§ DATA UNDER STUDY

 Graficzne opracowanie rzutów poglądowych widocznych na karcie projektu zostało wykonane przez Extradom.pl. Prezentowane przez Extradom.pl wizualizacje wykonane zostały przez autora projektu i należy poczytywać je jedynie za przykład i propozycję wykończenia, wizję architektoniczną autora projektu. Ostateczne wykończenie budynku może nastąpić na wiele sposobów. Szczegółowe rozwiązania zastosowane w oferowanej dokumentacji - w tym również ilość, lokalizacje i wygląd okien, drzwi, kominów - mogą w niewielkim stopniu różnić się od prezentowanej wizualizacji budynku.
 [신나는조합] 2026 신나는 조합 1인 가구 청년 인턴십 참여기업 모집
...
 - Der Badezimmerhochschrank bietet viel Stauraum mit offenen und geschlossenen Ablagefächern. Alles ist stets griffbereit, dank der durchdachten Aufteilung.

§ WORK TASK
Please copy, exactly as written, every line in the listing above from the line with "Graficzne opracowanie rzutów" up to and including the line with "[신나는조합] 2026 신나는 조합 1인 가구 청년 인턴십 참여기업 모집".

§ RESPONSE BELOW
 Graficzne opracowanie rzutów poglądowych widocznych na karcie projektu zostało wykonane przez Extradom.pl. Prezentowane przez Extradom.pl wizualizacje wykonane zostały przez autora projektu i należy poczytywać je jedynie za przykład i propozycję wykończenia, wizję architektoniczną autora projektu. Ostateczne wykończenie budynku może nastąpić na wiele sposobów. Szczegółowe rozwiązania zastosowane w oferowanej dokumentacji - w tym również ilość, lokalizacje i wygląd okien, drzwi, kominów - mogą w niewielkim stopniu różnić się od prezentowanej wizualizacji budynku.
 [신나는조합] 2026 신나는 조합 1인 가구 청년 인턴십 참여기업 모집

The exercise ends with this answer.